How financialisation-led densification is spurring inner-city studentification?

How financialisation-led densification is spurring inner-city studentification?

Details

Written by:

Jakub Zasina and Konrad Żelazowski

First Published:

03 Jul 2025, 11:40 am

Tags:

How financialisation-led densification is spurring inner-city studentification?

Sometimes, there is a false impression of permanence despite ongoing neighbourhood changes. It has been happening recently in Lodz, Poland, where ‘rooming flats’ are mushrooming in the inner city. However, they remain ‘hidden’ from the public behind facades.

Today, numerous cities are home to higher education students. They are increasingly living off-campus in private housing and, as a result, many urban neighbourhoods experience studentification. In our paper, we present how studentification is progressing in the inner city of Lodz through the expansion of the rooming-flats business.

We empirically illustrate rooming flats in Lodz: their materialities, geographies, labelling, production, and paradoxical impacts. This way, we show that rooming flats are accommodations delivered usually through a profit-seeking conversion of conventional spacious flats in historic buildings into shared housing with multiple single-occupancy bedrooms for student rentals.

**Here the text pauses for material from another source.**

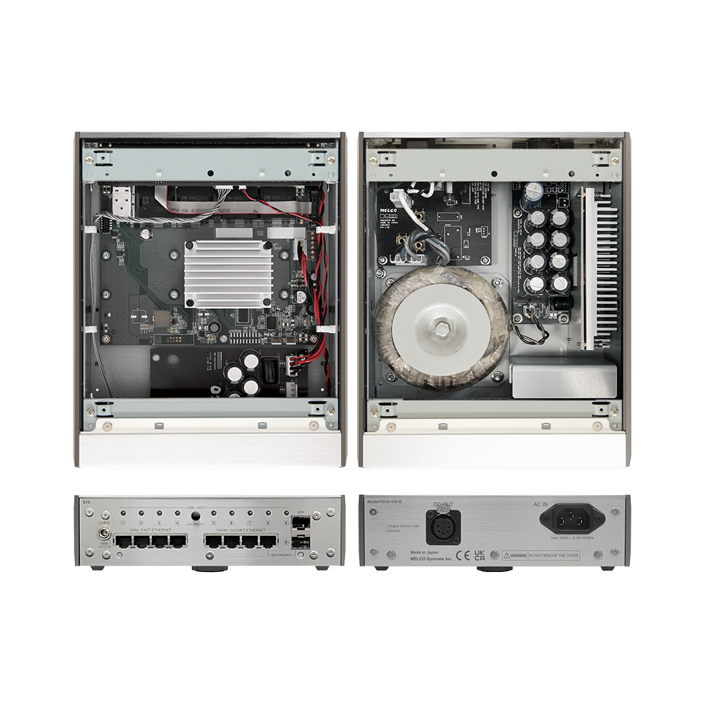The S10’s head unit is based on a heavily upgraded S100 network switch, and benefits from a greatly improved power management section. The head unit’s casework has also been significantly improved with better aluminium used for the casework to improve rigidity and increase isolation for the signal-carrying electronics. A rigid-steel screened chassis offers further mechanical stability.

However, we go beyond that and demonstrate that studentification in inner-city Lodz is being spurred by financialisation-led densification. More precisely, we show that the soft-densification activities of real estate actors serve as a bridge between housing financialisation and vertical studentification. Revealing and interpreting the interplay of financialisation, densification and studentification is our main contribution to the current, vivid debates on the nexus of student housing and urban geographies.

What is more, we argue that the phenomenon of rooming flats should not be seen just within the context of Lodz. Instead, we propose adding the term rooming flats to the expanding lexicon of shared housing forms, such as HMOs, PBSAs, and co-livings, which have recently proliferated in cities worldwide. All these new housing forms demonstrate that real estate activities can quickly transform urban neighbourhoods and living densities.

Consequently, we perceive the new era of ‘shrinking homes’ as requiring critical involvement from scholars and policymakers to better understand the mechanisms and effects of densification. As a step in this direction, our paper contributes to the special issue of Urban Studies, ‘The Business of Densification: Institutions, Actors, and Outcomes in the Transformation of Urban Settlements’.